By prioritizing the mental well-being of our employees, we create an environment where they can thrive and contribute their best. This helps us deliver exceptional products and services. Amazon supports mental health by providing access to resources and support services. All U.S. employees and household members are eligible to receive five free counseling sessions, per issue every year, via Amazon’s Global Employee Assistance Program (EAP), Resources for Living. Employees can also access mental health care 24/7 through a partnership with the app Twill—a digital, self-guided mental health program. Amazon also partners with Brightline, a leading provider in virtual mental health support for children and teens.
Solution overview
SageMaker Canvas brings together a broad set of capabilities to help data professionals prepare, build, train, and deploy ML models without writing any code. SageMaker Data Wrangler has also been integrated into SageMaker Canvas, reducing the time it takes to import, prepare, transform, featurize, and analyze data. In a single visual interface, you can complete each step of a data preparation workflow: data selection, cleansing, exploration, visualization, and processing. Custom Spark commands can also expand the over 300 built-in data transformations. The built-in Data Quality and Insights report guides you in performing appropriate data cleansing, verifying data quality, and detecting anomalies such as duplicate rows and target leakage. Other analyses are also available to help you visualize and understand your data.
In this post, we try to understand the factors contributing to the mental health of an employee in the tech industry in a systematic manner. We begin by understanding the feature columns, presented in the following table.

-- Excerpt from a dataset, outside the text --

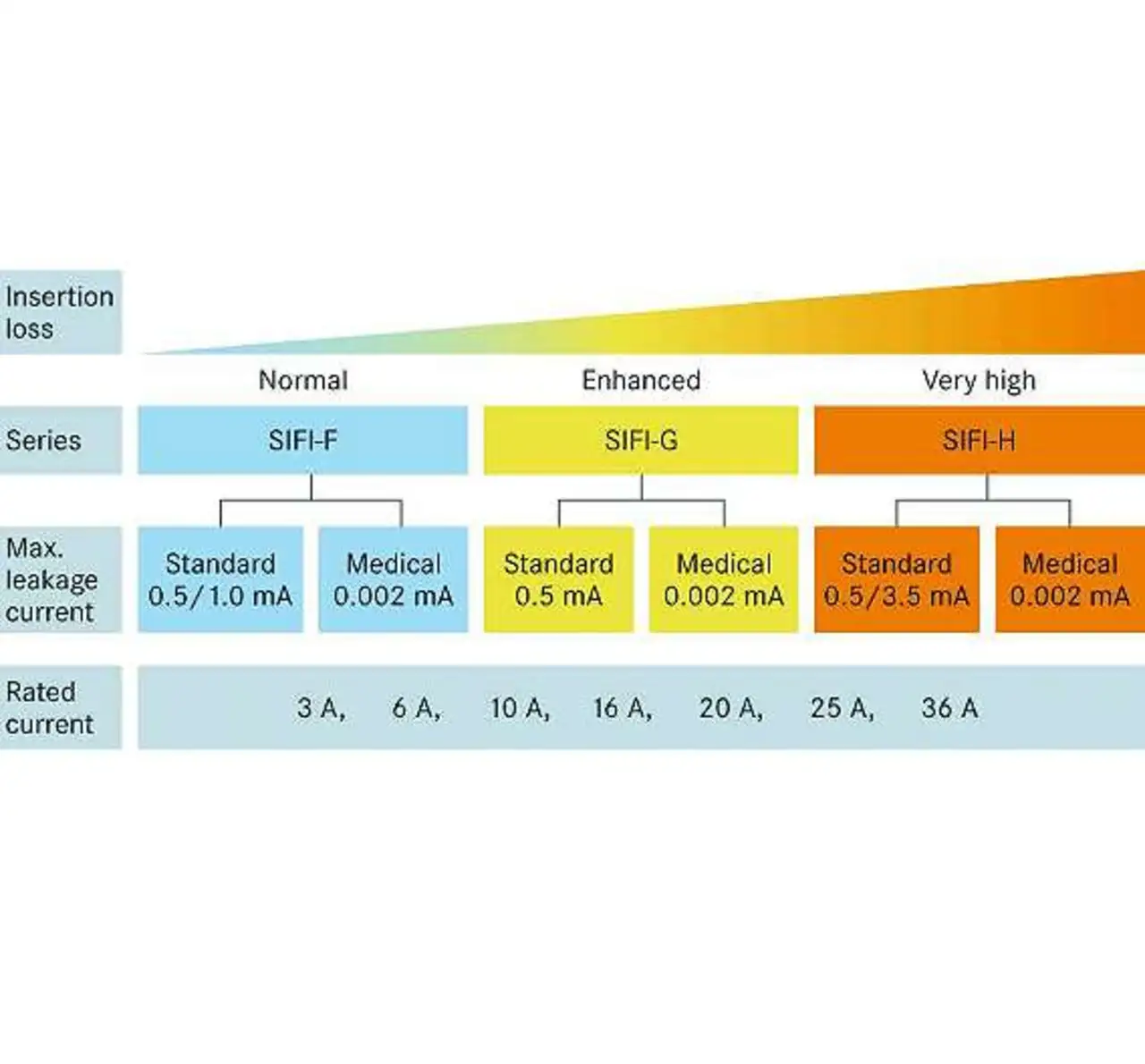 Wenn anhand der Dämpfungsanforderungen die passende SIFI-Familie (F, G oder H) gewählt ist, gilt es den Ableitstrom zu betrachten. Alle neuen SIFI sind sowohl als Standard- als auch als Version für die Medizintechnik verfügbar.
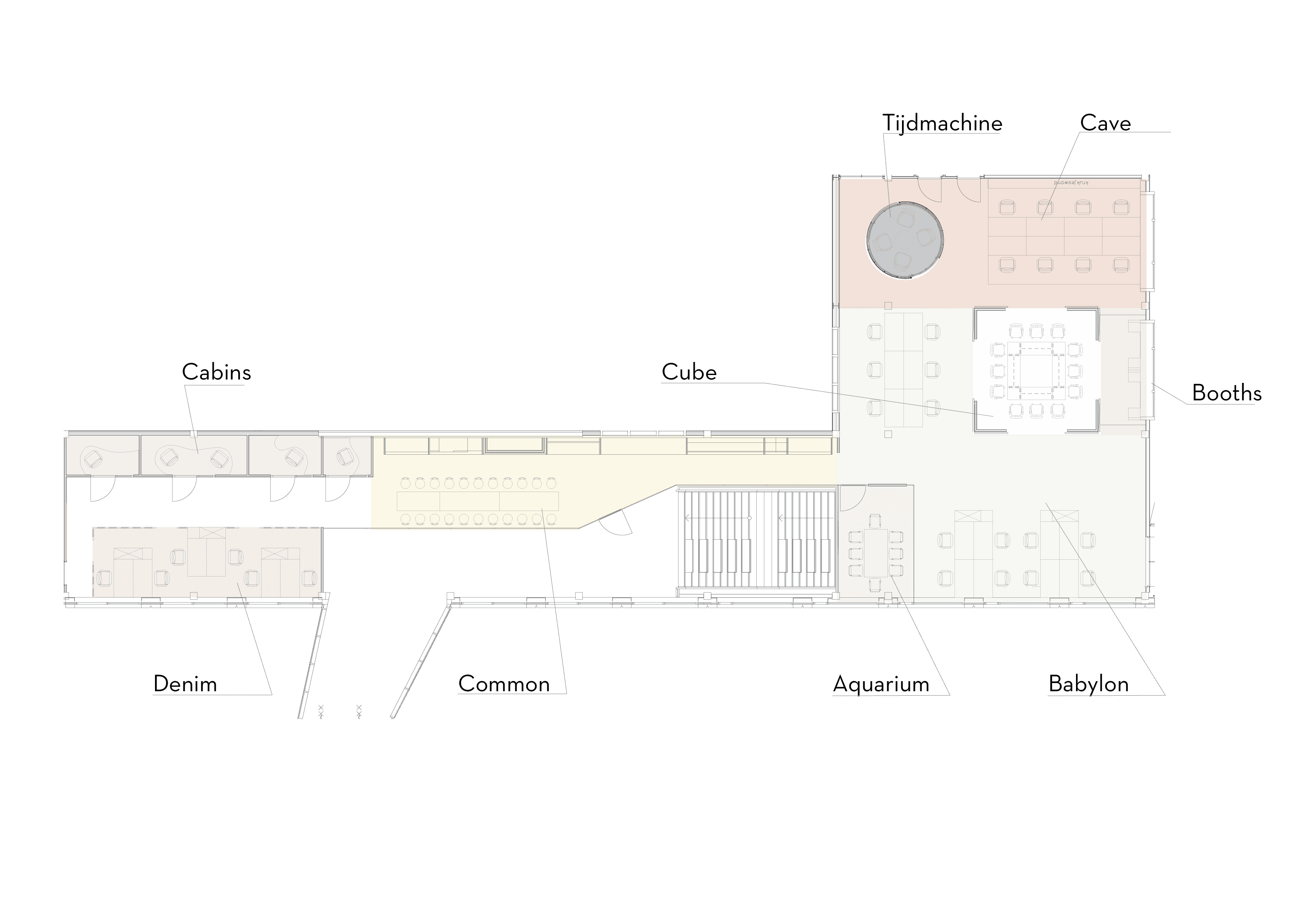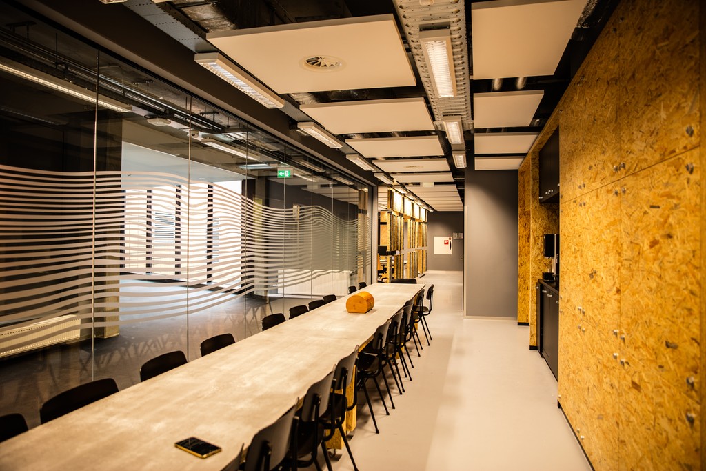 Het kantoor bestaat nu uit negen verschillende werksferen, elk met een eigen karakter en concentratieniveau. Er is een open ruimte die fungeert als creatief oplaadpunt, afgewisseld met één-persoonsruimtes voor focus, lange tafels voor samenwerking, grotere vergaderruimtes en plekken voor één-op-één gesprekken. Elke zone heeft een eigen thema en herkenbare uitstraling.

Survey Attribute | Survey Attribute Description |
Timestamp | Timestamp when survey was taken |
Age | Age of person taking survey |
Gender | Gender of person taking survey |
Country | Country of person taking survey |
state | If you live in the United States, which state or territory do you live in? |
self_employed | Are you self-employed? |
family_history | Do you have a family history of mental illness? |
treatment | Have you sought treatment for a mental health condition? |
work_interfere | If you have a mental health condition, do you feel that it interferes with your work? |
no_employees | How many employees does your company or organization have? |
remote_work | Do you work remotely (outside of an office) at least 50% of the time? |
tech_company | Is your employer primarily a tech company/organization? |
benefits | Does your employer provide mental health benefits? |
care_options | Do you know the options for mental health care your employer provides? |
wellness_program | Has your employer ever discussed mental health as part of an employee wellness program? |
seek_help | Does your employer provide resources to learn more about mental health issues and how to seek help? |
anonymity | Is your anonymity protected if you choose to take advantage of mental health or substance abuse treatment resources? |
leave | How easy is it for you to take medical leave for a mental health condition? |
mentalhealthconsequence | Do you think that discussing a mental health issue with your employer would have negative consequences? |
physhealthconsequence | Do you think that discussing a physical health issue with your employer would have negative consequences? |
coworkers | Would you be willing to discuss a mental health issue with your coworkers? |
physhealthinterview | Would you bring up a physical health issue with a potential employer in an interview? |
mentalvsphysical | Do you feel that your employer takes mental health as seriously as physical health? |
obs_consequence | Have you heard of or observed negative consequences for coworkers with mental health conditions in your workplace? |
comments | Any additional notes or comments |
Prerequisites
You should complete the following prerequisites before building this model:
- Have access to an AWS account
- Set up a SageMaker domain
- Download the sample dataset
Log in to SageMaker Canvas
When the initial setup is complete, you can access SageMaker Canvas with any of the following methods, depending on your environment’s setup:
- On the SageMaker console, choose Canvas in the navigation pane. Choose your user from the dropdown menu and launch the SageMaker Canvas application.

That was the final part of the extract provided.